Bei einem hochgradigen Rektumkrebs hingegen sind die Zellen deutlich von normalen Zellen differenziert und weisen eine anaplastischere Struktur auf. Hochgradige Krebse neigen im Allgemeinen dazu, schneller zu wachsen und haben eine höhere Wahrscheinlichkeit, sich im Vergleich zu niedriggradigen Krebsen in andere Körperbereiche auszubreiten (zu metastasieren).
Was sind die Stadien von Rektumkrebs?
Bei einem niedriggradigen Rektumkrebs weisen die Zellen, obwohl sie abnormal sind, eine Struktur auf, die den normalen Zellen ähnlicher ist.

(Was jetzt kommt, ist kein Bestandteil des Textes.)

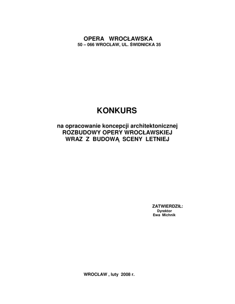 OPERA WROCŁAWSKA 50 – 066 WROCŁAW, UL. ŚWIDNICKA 35 KONKURS na opracowanie koncepcji architektonicznej ROZBUDOWY OPERY WROCŁAWSKIEJ WRAZ Z BUDOWĄ SCENY LETNIEJ ZATWIERDZIŁ: Dyrektor Ewa Michnik WROCŁAW , luty 2008 r. SPIS TREŚCI Część I Postanowienia ogólne Część II Przedmiot , cel i zadanie Konkursu Część III Program i szczegółowy opis przedmiotu Konkursu Część IV Harmonogram Konkursu Część V Warunki uczestnictwa w Konkursie Część VI Wyjaśnienia i modyfikacje treści Regulaminu Konkursu Część VII Miejsce i termin składania wniosków o dopuszczenie do udziału w Konkursie Część VIII Zasady kwalifikacji i dopuszczenia do udziału w Konkursie Część IX Informacja o zakwalifikowaniu Część X Forma i sposób prezentacji pracy konkursowej Część XI Składanie prac konkursowych Część XII Kwalifikacja prac do grupy „N” i „O” Część XIII Skład Sądu Konkursowego Część XIV Kryteria oceny prac konkursowych Część XV Nagrody i wyróżnienie Część XVI Ogłoszenie wyników Konkursu Część XVII Termin wydania nagród i procedura udzielenia zamówienia publicznego Część XVIII Postanowienia dotyczące przejścia autorskich praw majątkowych Część XIX Unieważnienie Konkursu Część XX Środki ochrony prawnej Część XXI Wykaz załączników Część I. Postanowienia ogólne 1. Informacja o Organizatorze Konkursu. Organizatorem Konkursu jest Opera Wrocławska, ul. Świdnicka 35, 50 – 066 Wrocław. Czynności Kierownika Zamawiającego ( Kierownika Organizatora Konkursu ), wykonuje Pani Ewa Michnik - Dyrektor Opery Wrocławskiej. 2 2. Sposób porozumiewania się Organizatora z uczestnikami. 1) Wszelką korespondencję związaną z niniejszym Konkursem należy kierować do Organizatora Konkursu, na adres: Opera Wrocławska , ul. Świdnicka 35, 50 – 066 Wrocław z dopiskiem: „KONKURS NA ROZBUDOWĘ OPERY WROCŁAWSKIEJ WRAZ Z BUDOWĄ SCENY LETNIEJ” Organizator nie bierze odpowiedzialności za skutki braku zachowania przez uczestnika powyższego wymogu. 2) Wszelkie oświadczenia, zawiadomienia, wnioski oraz informacje winny być przekazywane w formie pisemnej. Organizator dopuszcza możliwość przesyłania zawiadomień, wniosków oraz informacji za pomocą faksu, jeżeli ich treść dotrze do Organizatora na adres wskazany w niniejszym Regulaminie przed upływem terminu w nim wskazanego i zostanie niezwłocznie potwierdzona na piśmie przez przekazującego. 3) Regulamin Konkursu dostępny jest w serwisie internetowym Opery : www.opera.wroclaw.pl/1/index.php?page=114 4) Osobą uprawnioną do kontaktów z uczestnikami Konkursu jest Pani mgr inż. Beata Kawińska, pełniąca funkcje Sekretarza Konkursu, tel.( 071) 370 88 60, fax.( 071) 370 88 62 adres e-mail: [email protected] 3. Rodzaj i forma Konkursu. Niniejszy Konkurs jest Konkursem realizacyjnym, jednoetapowym, prowadzonym na podstawie przepisów Działu III, Rozdziału 3 ustawy z dnia 29 stycznia 2004 r. Prawo zamówień publicznych (tekst jednolity Dz. U. Nr 223 z 2007r., poz. 1655) zwaną w dalszej treści niniejszego Regulaminu „ustawą Pzp ”. 4. Planowane koszty inwestycji. Maksymalny planowany koszt wykonania prac realizowanych na podstawie pracy konkursowej, nie może być wyższy od kwoty 85 233 000 zł (bez podatku VAT) . W/w kwota obejmuje wszystkie koszty przedsięwzięcia inwestycyjnego w szczególności: przygotowanie terenu, przyłączenie obiektów do sieci, budowę obiektu podstawowego, instalacje, zagospodarowanie terenu, wyposażenie, rozruch a także koszty: projektowe, obsługi inwestorskiej, nadzoru autorskiego. Część II. Przedmiot, cel i zadanie Konkursu 1. Przedmiot Konkursu. Przedmiotem Konkursu jest koncepcja architektoniczna ROZBUDOWY OPERY WROCŁAWSKIEJ WRAZ Z BUDOWĄ SCENY LETNIEJ oraz koncepcją zagospodarowania terenu w granicach objętych opracowaniem konkursowym, w tym idea budynku frontowego od strony Placu Wolności. 2. Cel i zadanie Konkursu. 1) Celem Konkursu jest uzyskanie najlepszych rozwiązań architektonicznych dla realizacji przedsięwzięcia pn. „ROZBUDOWA OPERY WROCŁAWSKIEJ WRAZ Z BUDOWĄ SCENY LETNIEJ” 2) Zadaniem Konkursu jest wybranie spośród złożonych prac konkursowych, najwyżej ocenionej przez Sąd Konkursowy, której autor (osoba fizyczna, osoba prawna lub jednostka nie posiadająca osobowości prawnej, lub która złożyła wspólny wniosek (art.23 ustawy Pzp)/zespół autorski) 3 otrzyma nagrodę oraz zaproszenie do udziału w postępowaniu o udzielenie zamówienia publicznego w trybie z wolnej ręki na opracowanie: dokumentacji projektowej, specyfikacji technicznej wykonania i odbioru robót (STWiOR), kosztorysu inwestorskiego dla zadania inwestycyjnego „ROZBUDOWA OPERY WROCŁAWSKIEJ WRAZ Z BUDOWĄ SCENY LETNIEJ” oraz pełnieniem nadzoru autorskiego nad realizacją inwestycji . 3. Zakres zadania inwestycyjnego Planowana inwestycja obejmuje realizację szeregu funkcji, które ze względu na szczupłość powierzchni nie mogły być zrealizowane w wystarczającej wielkości w budynku głównym w czasie ostatniej przebudowy. Jednocześnie przeniesienie części funkcji do projektowanej rozbudowy pozwoli na po-szerzenie tych, które są niezbędne w bezpośredniej bliskości zaplecza scenicznego. Zadanie inwestycyjne „ROZBUDOWA OPERY WROCŁAWSKIEJ WRAZ Z BUDOWĄ SCENY LETNIEJ” obejmuje: - wielofunkcyjne zadaszone forum integrujące cały zespół – scena letnia, - zespół sal prób orkiestry, baletu i chóru, - zespół przygotowywania i przechowywania kostiumów, - zespół opracowywania dekoracji i rekwizytów oraz ich przechowywania, - zespół administracyjno-biurowy, - zespół garderób i pokoi gościnnych, - zespół socjalny i gospodarczo-techniczny, - parking podziemny dla pracowników i widzów, - gastronomia, handel i usługi ogólnodostępne w parterze budynków. Część III. Program i szczegółowy opis przedmiotu Konkursu. 1. ZAŁOŻENIA OGÓLNE Opera Wrocławska dla realizacji ww. za

Diese Krebsarten wachsen im Allgemeinen langsamer und haben ein geringeres Metastasierungsrisiko.
Bei einem hochgradigen Rektumkrebs hingegen sind die Zellen deutlich von normalen Zellen differenziert und weisen eine anaplastischere Struktur auf. Hochgradige Krebse neigen im Allgemeinen dazu, schneller zu wachsen und haben eine höhere Wahrscheinlichkeit, sich im Vergleich zu niedriggradigen Krebsen in andere Körperbereiche auszubreiten (zu metastasieren).